That works great, this is just a quibble, but...

Turning a Rule into a function and using MapAt seemed distasteful to
me, so I came up with an equivalent solution, learning a thing or two
in the process:

f[x_, y_] := If[y > x, Sqrt[y - x], 0]
plot1 = Graphics3D@Plot3D[f[x, y], {x, -100, 100}, 
   {y, -100, 100}, DisplayFunction -> Identity];
rule = {x_?NumberQ, y_?NumberQ, z_?NumberQ} /; y ? x -> Sequence[];
plot2 = Head[plot1][First@plot1 /. rule, Sequence @@ Rest@plot1];
Show[plot2, DisplayFunction -> $DisplayFunction];

Bobby

"David Park" <djmp at earthlink.net> wrote in message news:<c1h0s4$9sc$1 at smc.vnet.net>...
> Albert,
> 
> I think this is an interesting plotting problem whose solution is not
> totally obvious. If you are just beginning to learn Mathematica, then it is
> probably not the first problem to tackle.
> 
> Plot3D[Sqrt[y - x], {x, -100, 100}, {y, -100, 100}];
> 
> gives warning messages and a jagged edge to the surface.
> 
> We could define a function
> 
> f[x_, y_] := If[y > x, Sqrt[y - x], 0]
> 
> Then
> 
> Plot3D[f[x, y], {x, -100, 100}, {y, -100, 100}];
> 
> works more or less. But it has the extra xy-plane surface, which is not part
> of the surface you are specifying.
> 
> A few years ago I learned the following trick from MathGroup. (I can't
> remember exactly who posted it.) Generate the plot above and then throw out
> all points that have y <= x.
> 
> plot1 = Graphics3D@
>       Plot3D[f[x, y], {x, -100, 100}, {y, -100, 100},
>         DisplayFunction -> Identity];
> 
> plot2 = MapAt[# /. {x_?NumberQ, y_?NumberQ, z_?NumberQ} /; y <= x ->
>             Sequence[] &, plot1, 1];
> 
> We had to convert the plot from SurfaceGraphics to Graphics3D. We had to map
> our function onto the first part of plot1. The first part contains all the
> primitive graphics for the surface. Any point in a Polygon for which y <=x
> gets replaced by Sequence[], which effectly gets rid of it. We then Show the
> new plot.
> 
> Show[plot2, DisplayFunction -> $DisplayFunction];
> 
> That gives a pretty good representation of the surface.
> 
> The DrawGraphics package at my web site gives some other techniques for
> handling plotting problems of this type. One of its advantages is that it
> automatically extracts the primitive graphics from any plot and it is then
> easy to manipulate or combine the various elements.
> 
> Needs["DrawGraphics`DrawingMaster`"]
> 
> The following implements the same trick as above.
> 
> Module[{g},
>     g = Draw3D[f[x, y], {x, -100, 100}, {y, -100, 100}];
>     Draw3DItems[
>       {g /. {x_?NumberQ, y_?NumberQ, z_?NumberQ} /; y <= x -> Sequence[]},
>       BoxRatios -> {1, 1, 1/2},
>       Axes -> True]];
> 
> Another method is to reparametrize the surface. If we were going to
> integrate a two variable function we could use
> Integrate[f[x,y],{x,-100,100},{y,x,100}]. The second iterator depends on x.

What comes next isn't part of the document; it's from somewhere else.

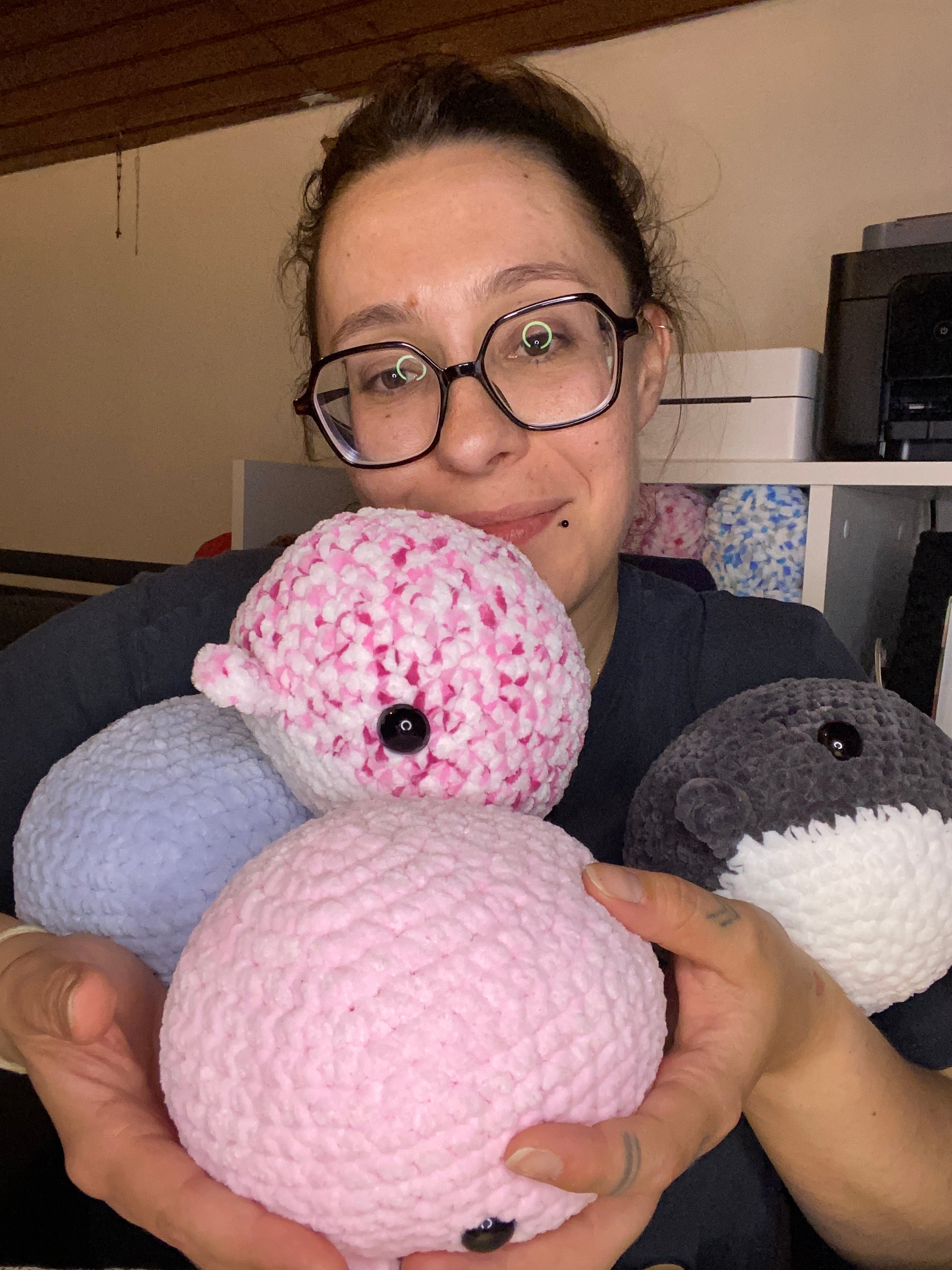 Cette petite baleine au format squishy est crochetée à la main avec amour, pour fondre de tendresse à chaque pression. Moelleuse, réconfortante et super mignonne, c’est la compagne idéale pour chasser les vagues de stress ! 💙

> But we can't directly do that when plotting surfaces. DrawGraphics has the
> command
> 
> IteratorSubstitution[{y, Sqrt[y - x]}, {y, x, 100}]

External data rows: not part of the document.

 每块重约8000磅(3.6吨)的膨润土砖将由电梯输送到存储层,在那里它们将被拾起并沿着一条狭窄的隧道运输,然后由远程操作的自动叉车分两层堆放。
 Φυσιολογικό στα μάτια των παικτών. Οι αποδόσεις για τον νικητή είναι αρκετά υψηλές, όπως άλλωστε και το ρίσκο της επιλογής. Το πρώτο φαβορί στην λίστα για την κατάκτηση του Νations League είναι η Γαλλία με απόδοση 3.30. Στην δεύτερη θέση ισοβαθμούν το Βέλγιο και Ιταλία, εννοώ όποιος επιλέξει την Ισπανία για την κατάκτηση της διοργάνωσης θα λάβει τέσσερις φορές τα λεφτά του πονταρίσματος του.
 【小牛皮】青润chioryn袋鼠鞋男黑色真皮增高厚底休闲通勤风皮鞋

> {{(-w)*(-100 + x) + x, Sqrt[(-w)*(-100 + x)]}, {w, 0, 1}}
> 
> It reparametrizes y and Sqrt[y-x] for {y,x,100} in terms of x and w. w has
> the fixed iterator {w,0,1}. We can then plot this new function and then use
> DrawingTransform3D to get back from the xw-plane to the xy-plane.
> 
> Draw3DItems[
> {Draw3D[Sqrt[(-w)*(-100 + x)], {x, -100, 100}, {w, 0, 1}] /.

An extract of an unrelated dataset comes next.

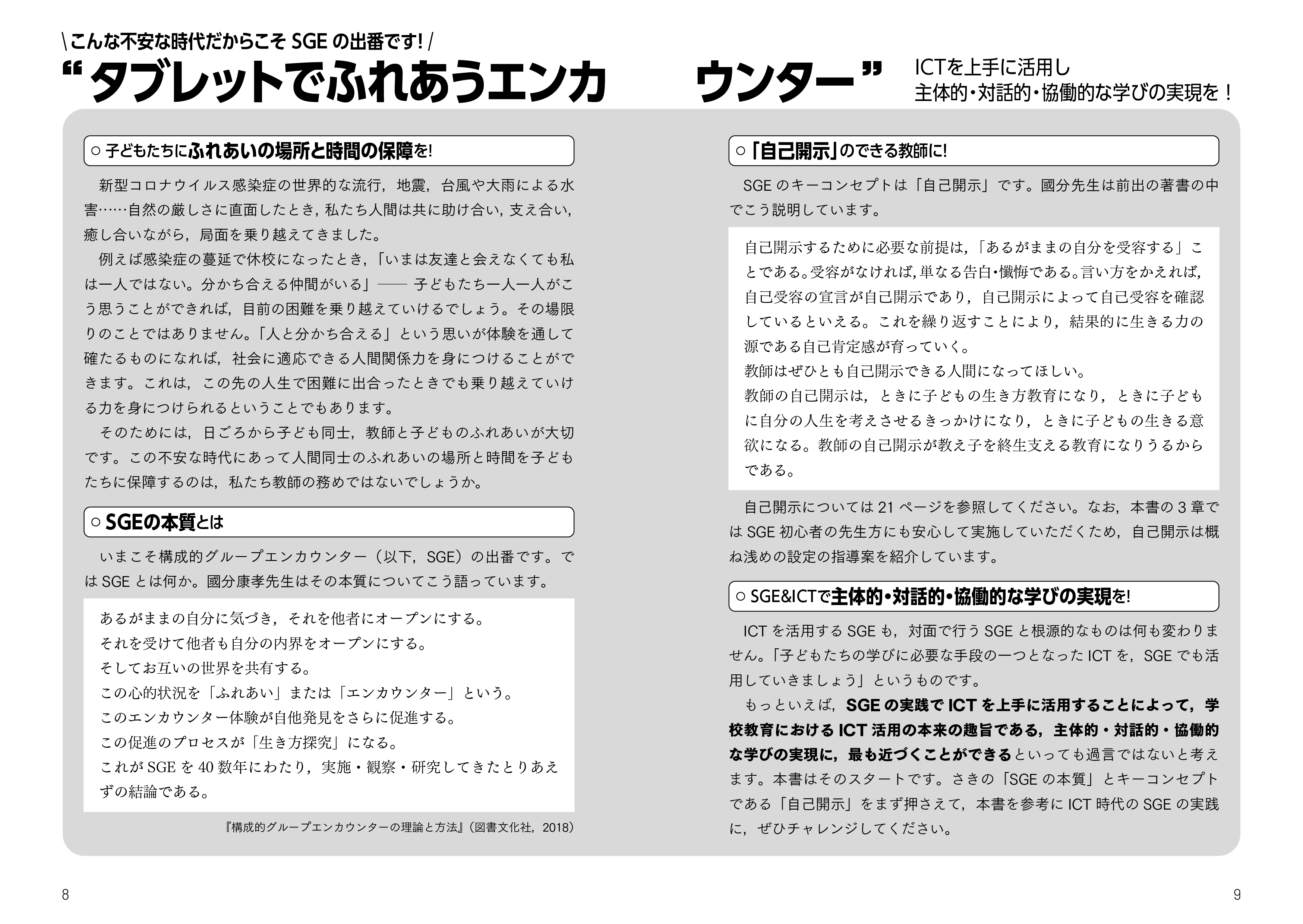 本書では,学校でタブレットを使ってできる人間関係を育てる構成的グループエンカウンター(SGE)を紹介します。

>      DrawingTransform3D[#1 & , (-#2)*(-100 + #1) + #1 & , #3 & ]},
> 
>    BoxRatios -> {1, 1, 1/2},
>    Axes -> True,
>    Background -> Linen,
>    ImageSize -> 450];
> 
> But this isn't too nice for this particular case because the polygons are
> crimed together at one corner.
> 
> Another idea is to plot the function Sqrt[y], where we can use fixed ranges
> and then rotate it by 45 degrees. I plot it in two sections to get a better
> representation of the rising section.
> 
> Draw3DItems[
>     {{Draw3D[Sqrt[y], {x, -150, 150}, {y, 0, 2}, PlotPoints -> {25, 2}],
>           Draw3D[Sqrt[y], {x, -150, 150}, {y, 2, 150}, PlotPoints -> 25]} //
>         UseRotateShape[-45°, 0, 0]},
>     BoxRatios -> {1, 1, 1/2},
>     PlotRange -> {{-100, 100}1.01, {-100, 100}1.01, {-0.1, 15.1}},
>     Axes -> True,
>     Background -> Linen,
>     ImageSize -> 450];
> 
> This is probably a little nicer than the non DrawGraphics plot because the
> "mesh" lines are either level, or the sqrt curves.
> 
> As an extra, here is the same surface combined with -Sqrt[y-x] and then spun
> around for better viewing. g is just the primitive graphics for the surface
> we plotted above. We draw it and then we draw it again with the z component
> reversed.
> 
> plot3 =
>     Module[{g},
>       g = {Draw3D[Sqrt[y], {x, -150, 150}, {y, 0, 2}, PlotPoints -> {25,
> 2}],
>             Draw3D[Sqrt[y], {x, -150, 150}, {y, 2, 150}, PlotPoints -> 25]}
> //
>            UseRotateShape[-45°, 0, 0];
>       Draw3DItems[
>         {g,
>           g /. DrawingTransform3D[#1 &, #2 &, -#3 &]},
>         BoxRatios -> {1, 1, 1},
>         Boxed -> False,
>         PlotRange -> {{-100, 100}1.01, {-100, 100}1.01, {-12.1, 12.1}},
>         Background -> Linen,
>         ViewPoint -> {1.779, -2.844, 0.447},
>         ImageSize -> 450]];
> 
> SpinShow[plot3]
> SelectionMove[EvaluationNotebook[], All, GeneratedCell]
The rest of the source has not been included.